L’agenda bilatéral du Mexique et des États-Unis est composé de nombreuses urgences, comme la migration ne détermine pas la relation quotidienne entre les deux pays. La crise à la frontière, où les autorités américaines retiennent chaque jour plus de 7 000 personnes, la situation est devenue insoutenable et conduit Washington à définir sans plus tarder un cadre réglementaire, pour lequel il a besoin du Mexique. Et si Donald Trump l’a fait par voie d’imposition, Biden veut négocier une solution avec son homologue, Andrés Manuel López Obrador.

Trouver un accord ne va pas être facile, à commencer par les hésitations de la Maison Blanche. Le gouvernement démocrate prévoyait de retirer fin mai le titre 42, un règlement approuvé par Trump en pleine pandémie qui permet des expulsions rapides sous des prétextes sanitaires. Les républicains ont fait de la pression de l’immigration une bannière pour tenter de discréditer Biden et menacer de saisir le Congrès des démocrates, mais Biden lui-même a déjà été favorable au maintien de cet outil.

Dans le même temps, le président mexicain Andrés Manuel López Obrador fait face à ce phénomène avec une série de fronts ouverts avec l’administration américaine. Ces derniers jours, les deux dirigeants se sont entretenus par téléphone et le secrétaire d’État Antony Blinken a reçu la visite du ministre des Affaires étrangères mexicain Marcelo Ebrard. Ils se sont mis d’accord sur un plan commun pour offrir des opportunités d’emploi en Amérique centrale et s’attaquer ainsi aux véritables causes structurelles de la migration.
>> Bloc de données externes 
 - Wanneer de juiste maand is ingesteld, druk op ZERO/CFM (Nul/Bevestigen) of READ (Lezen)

Jusqu’au triangle nord de cette région, d’où part la plupart des migrants, auxquels s’ajoutent des dizaines de milliers compatriotes Haïtiens ou de Cubains, le président mexicain s’est rendu à Guatemala, Salvador, Honduras puis à Cuba. Il l’a fait avec la promesse de renforcer la protection de la frontière sud, sachant que tout ce qui s’y passe finit par se répercuter tôt ou tard sur la frontière nord. Mais avant la visite, López Obrador a également lancé une fléchette aux États-Unis, leur reprochant d’envoyer des millions de dollars d’aide à l’Ukraine alors qu’elle n’a pas encore autorisé l’investissement de 4 milliards de dollars en Amérique centrale.
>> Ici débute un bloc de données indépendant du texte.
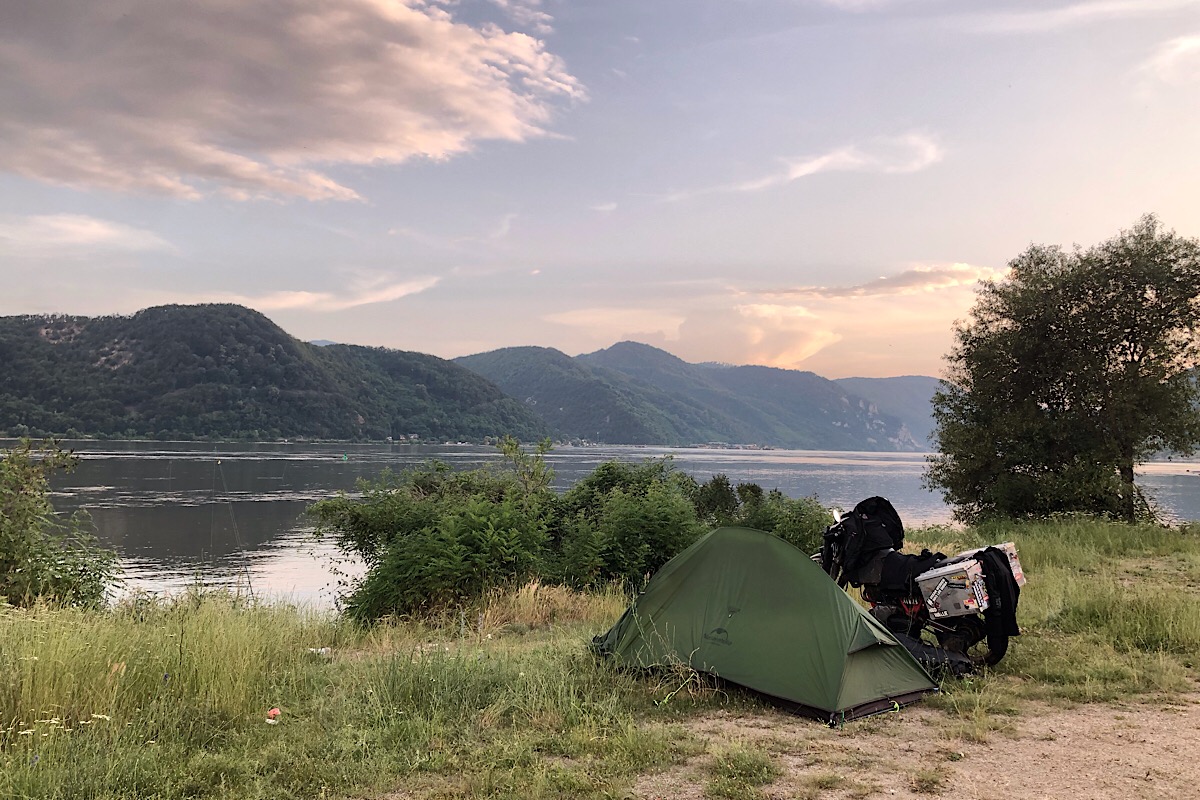 Nach Temeswar bin ich südlich Richtung Reschitza gefahren in einen Nationalpark. Auf dem Berg wollte ich dann eine kleine Abkürzung durch den Wald nehmen, jedoch musste ich nach 12km umdrehen, da die Straßen teilweise 40cm unter Wasser standen alles voll mit Matsch und Schlamm war. Die Spurrillen wurden irgendwann so tief, dass ich nicht mehr mit meinen Koffern druchgepasst hätte. Nach zwei kleinen Stürzen habe ich dann umgedreht aber es trotzdem nen heiden Spaß gemacht, auch wenn es der Kette nicht sonderlich gut getan hat :grin: Abends kam ich in Baile Herculane an (ein Urlaubsgebiet für Einheimische) und wollte irgendwo mein Zelt aufschlagen. Nach mich aber zwei ziemlich aggressive Straßenhunde fast vom Motorrad geholt und angegriffen haben, bin ich doch auf einen kleinen Campingpaltz gefahren für 2€ die Nacht. Camping ist in Rumänien eine Art Nationalsport und es wird einfach überall gezeltet oder im Auto auf der Rücksitzbank eines Kleinwagen geschlafen. Am Tag danach habe ich an der Donau gezeltet und eine Gruppe Rumänen kennen gelernt, die über das Wochenende an der Donau fischen waren. Obwohl nur einer bisschen Englisch gesprochen hat wurde ich super aufgenommenund mit reichlich Bier und Essen versorgt.

Le message était probablement plus destiné à ses propres partisans qu’à être utile dans une stratégie diplomatique. Mais le drame quotidien qu’est la crise migratoire pour des centaines de milliers de personnes force à la fois le Mexique et les États-Unis à parer leurs agendas internes et à accélérer un accord migratoire le plus vite que possible.